American Labor and the Cold War: Grassroots Politics and Postwar Political Culture
Robert W. Cherny, Ed. 2004
A collection of essays, looking at the period from 1945-1960. The editor said the central question addressed was, “what kinds of relationships existed among the labor unions of the AFL and CIO, the radical left and the conservative right, business and other interest groups in American communities.” Really, this could be boiled down to: what was the relationship between the American communist party and labor leaders, and did McCarthyism enhance the development or retard the labor movement?
These are interesting questions, in the sense that they suggest there was both a “genuine and principled” communism and anticommunism “in the working class communities of the nation,” and that what went on in front of TV cameras in Congress was in some way related to a grassroots conflict. But even so, they are very narrow questions and I think the detailed narratives and oral histories related here need to be understood as a special case. It might even have been a stretch to imply that these types of things were happening in working class communities across the nation, much less that they represented some type of broad social event that mobilized large groups of regular people.
In the first article, Ellen Schrecker pointed out that most labor leaders who joined the communist party “felt it would help them build a strong labor movement. None of them tried to transform their unions into revolutionary organizations.” If they were indeed focused on building organizations that would be effective in promoting the agenda of actual workers, it stands to reason that they would have become disillusioned with the American Communist Party (CPUSA) after time; since it pretty much failed to deal with the reality of American society in the same way it failed to deal with the reality of the Soviet Union. Schrecker criticized the AFL and CIO for being “so thoroughly co-opted that its leaders provided cover for the CIA, and its conventions endorsed the war in Vietnam.” This is a serious indictment, especially in hindsight. Clearly, the leaders of these unions do seemed to have “enlisted in the Cold War” to some degree; but the framing of the discussion avoided the larger issues. To whom was the labor movement supposed to turn for guidance? The CPUSA was useless. The rank and file were, in many cases, conservative working stiffs who did support the war in Vietnam. Remember “America, Love it or Leave it?”
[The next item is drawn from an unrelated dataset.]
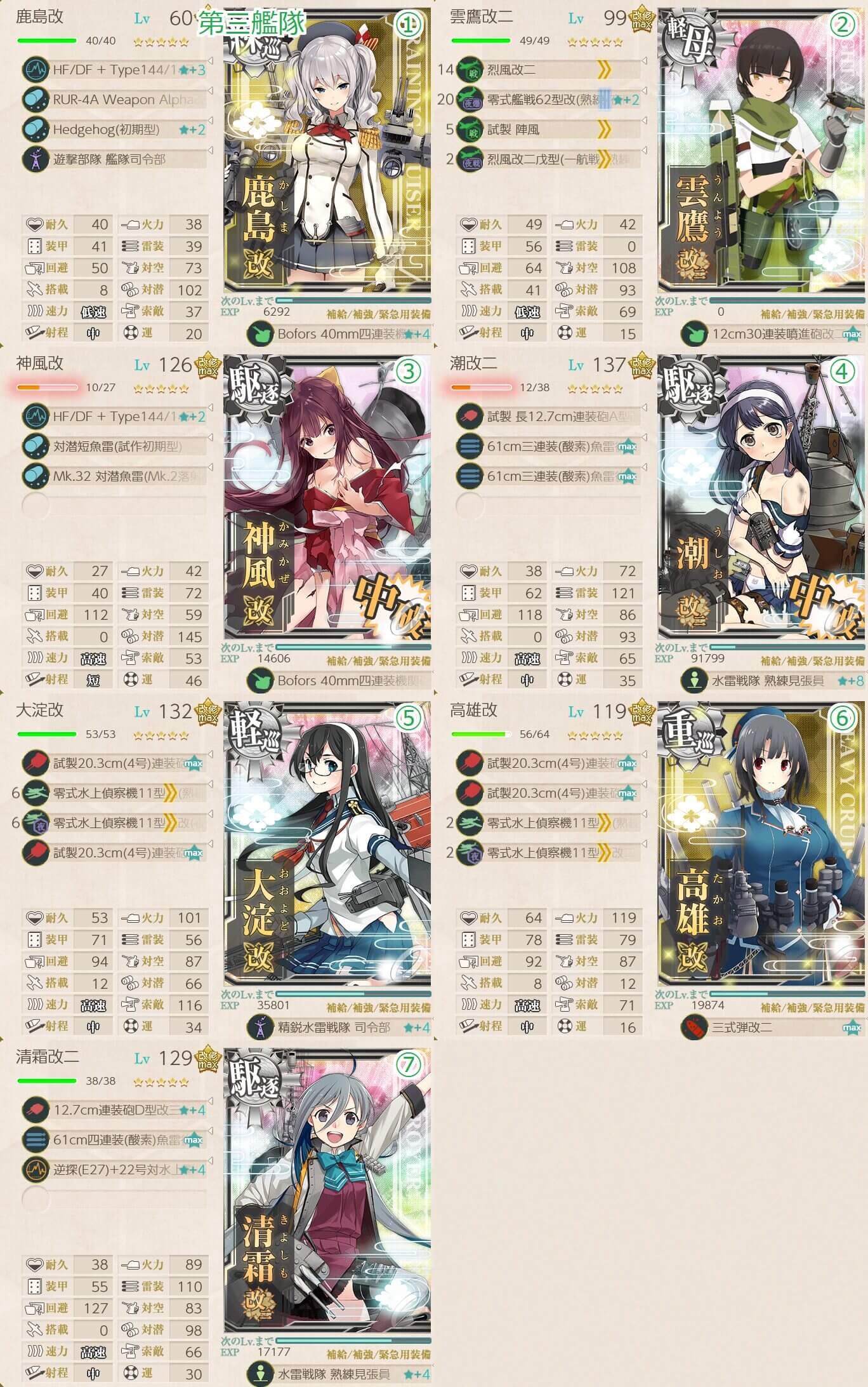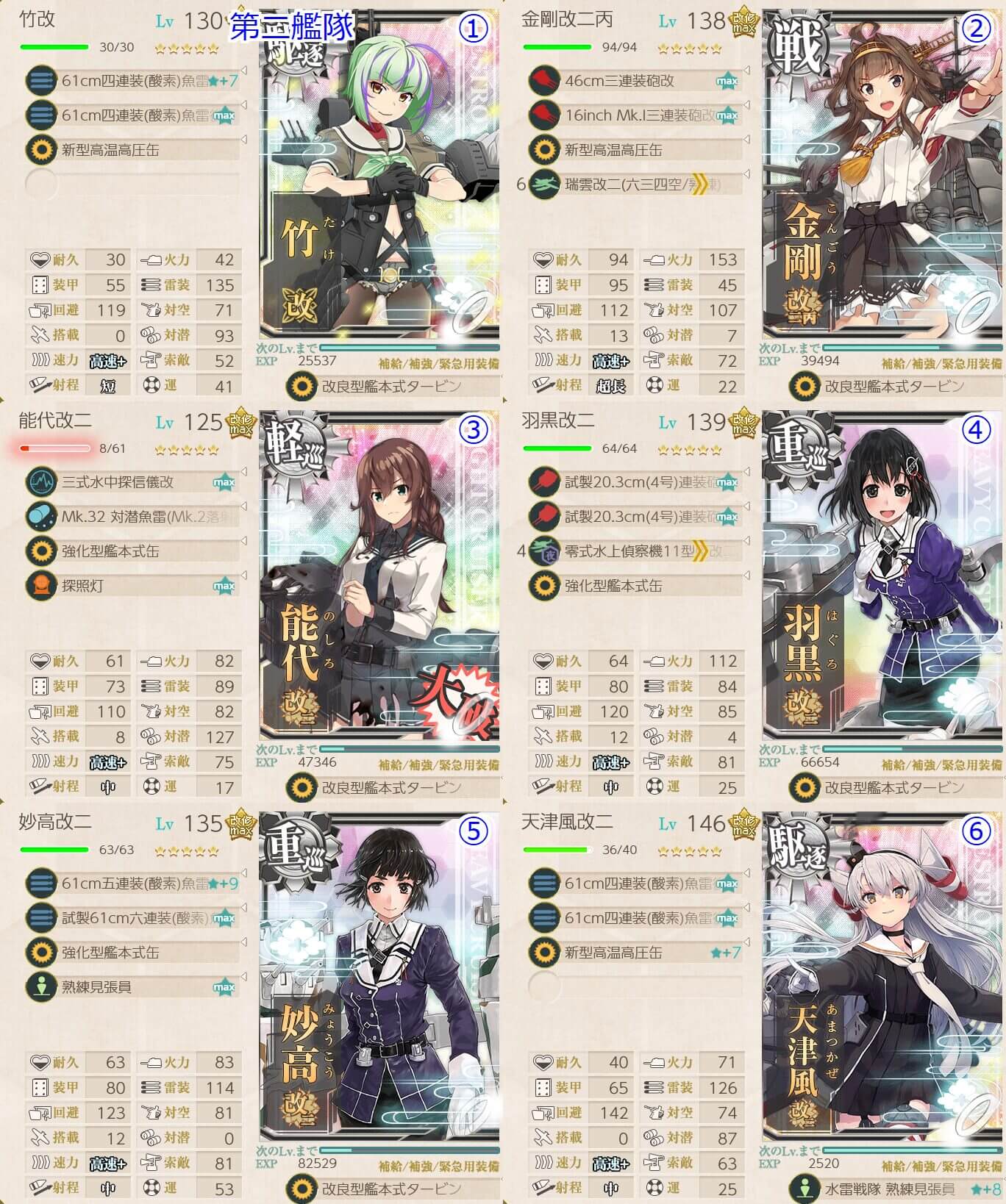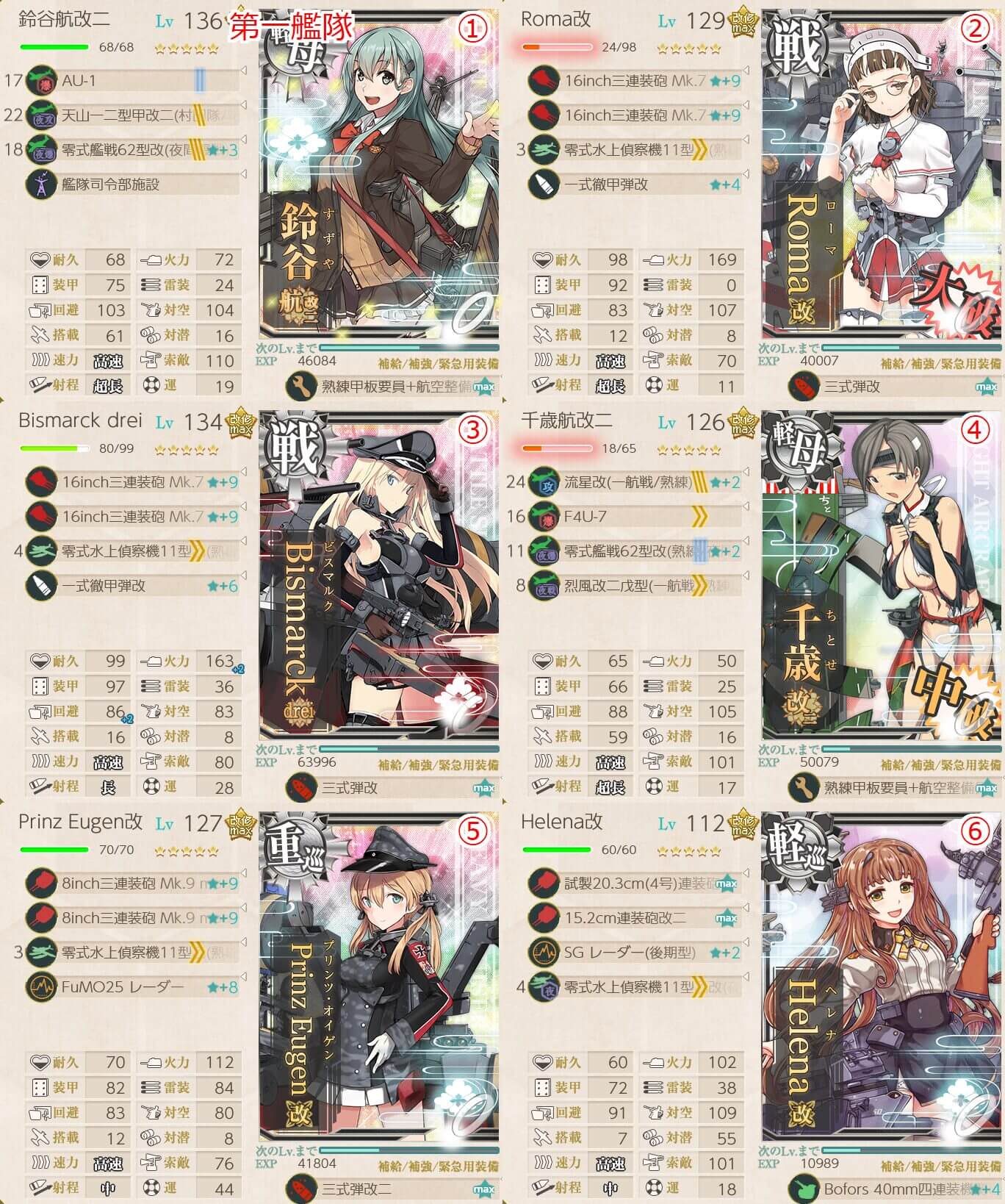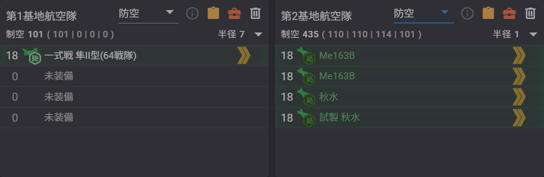 | 必要制空値 | ・185程度※第一 ・160程度※第二 |

Gerald Zahavi’s oral histories of Schenectady GE workers were also very interesting. They suggested ethnic and religious dimensions to the working-class encounter with communism that made the picture much richer and more satisfying, while at the same time suggesting that communism was not as central on the streets of company towns in upstate New York as it has become on the pages of some histories. This is the type of thing I’d like to see more of, and I think the book succeeds when it focuses on actual people and lets them tell their own stories. This element of the book was much more successful for me than the outline of labor and church leaders interacting with government and business leaders, which was tedious and didn’t leave me feeling I understood what had really happened.